Task description :: Output every line of the material exactly, omitting images.

Given information ::

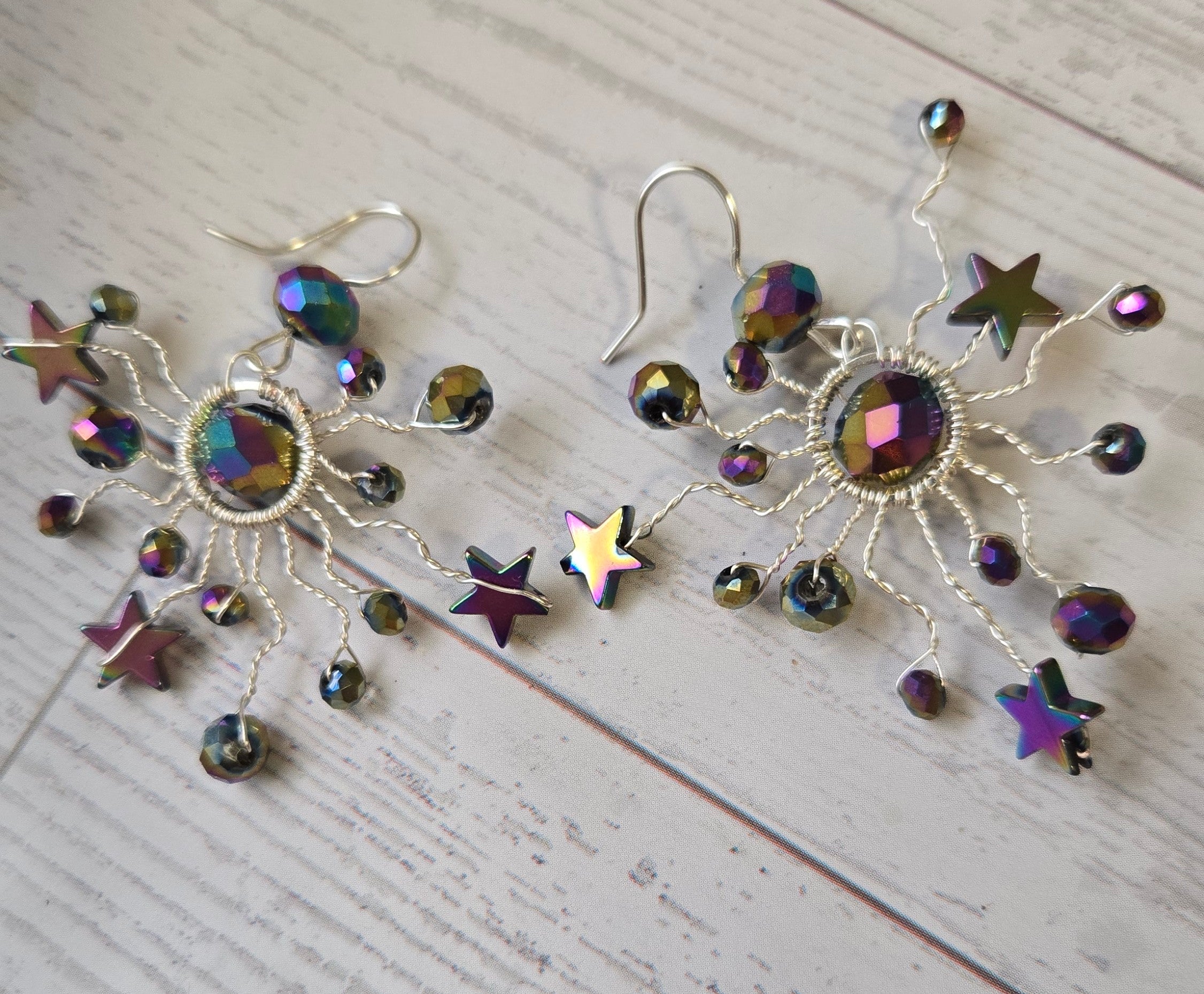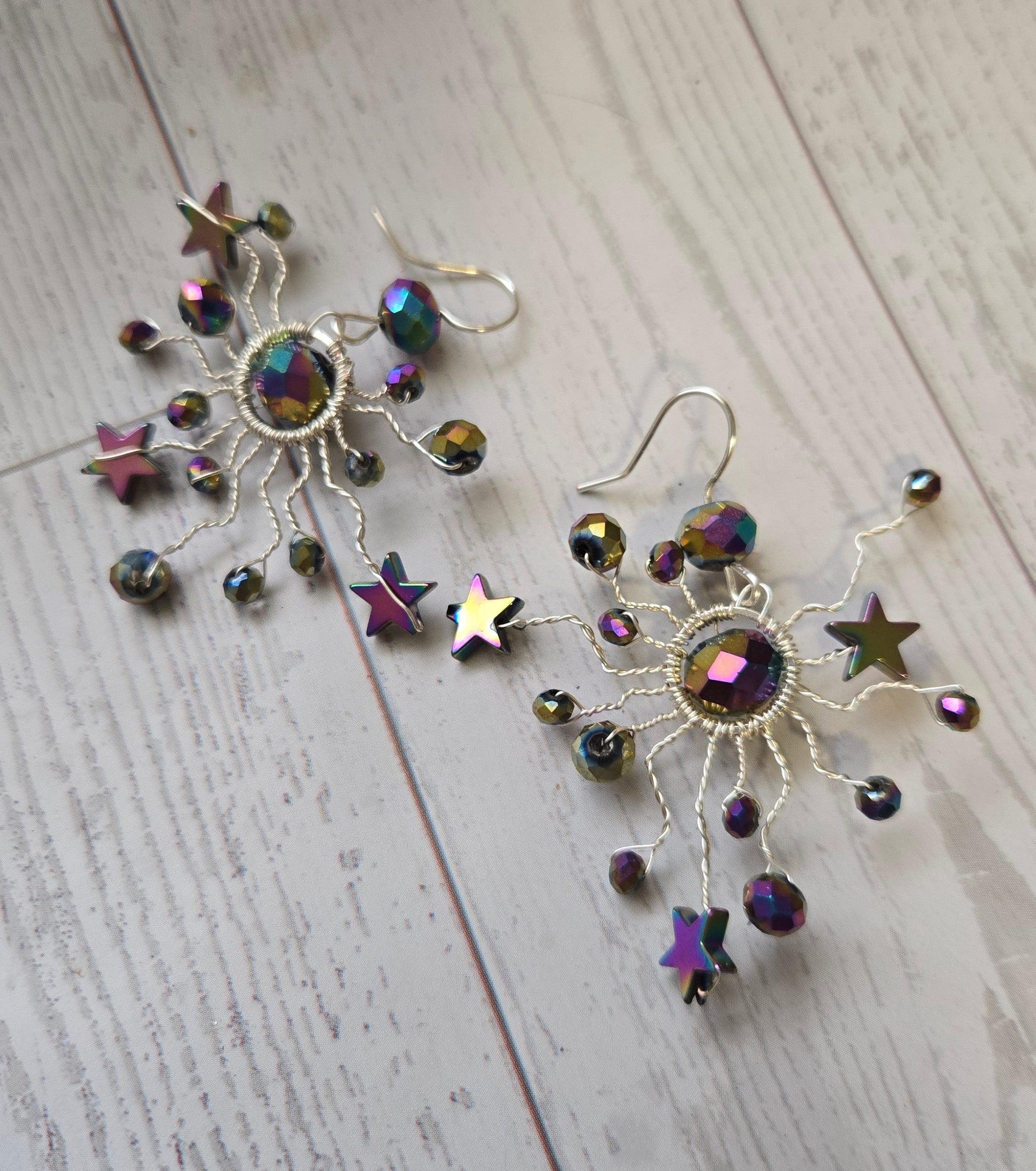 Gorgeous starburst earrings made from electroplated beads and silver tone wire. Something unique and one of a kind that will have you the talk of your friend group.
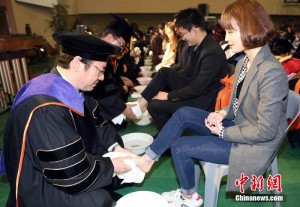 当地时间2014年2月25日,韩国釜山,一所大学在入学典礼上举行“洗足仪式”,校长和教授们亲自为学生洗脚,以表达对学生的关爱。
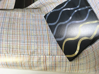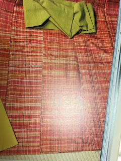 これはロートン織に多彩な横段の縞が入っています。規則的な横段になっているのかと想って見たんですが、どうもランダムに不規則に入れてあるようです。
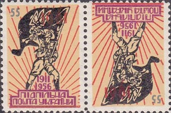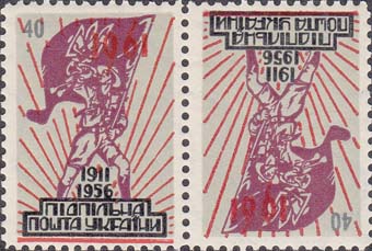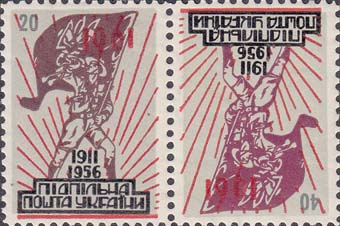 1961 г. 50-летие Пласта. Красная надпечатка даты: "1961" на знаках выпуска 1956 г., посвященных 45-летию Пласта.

Written answer ::
 Gorgeous starburst earrings made from electroplated beads and silver tone wire. Something unique and one of a kind that will have you the talk of your friend group.
 当地时间2014年2月25日,韩国釜山,一所大学在入学典礼上举行“洗足仪式”,校长和教授们亲自为学生洗脚,以表达对学生的关爱。
 これはロートン織に多彩な横段の縞が入っています。規則的な横段になっているのかと想って見たんですが、どうもランダムに不規則に入れてあるようです。
 1961 г. 50-летие Пласта. Красная надпечатка даты: "1961" на знаках выпуска 1956 г., посвященных 45-летию Пласта.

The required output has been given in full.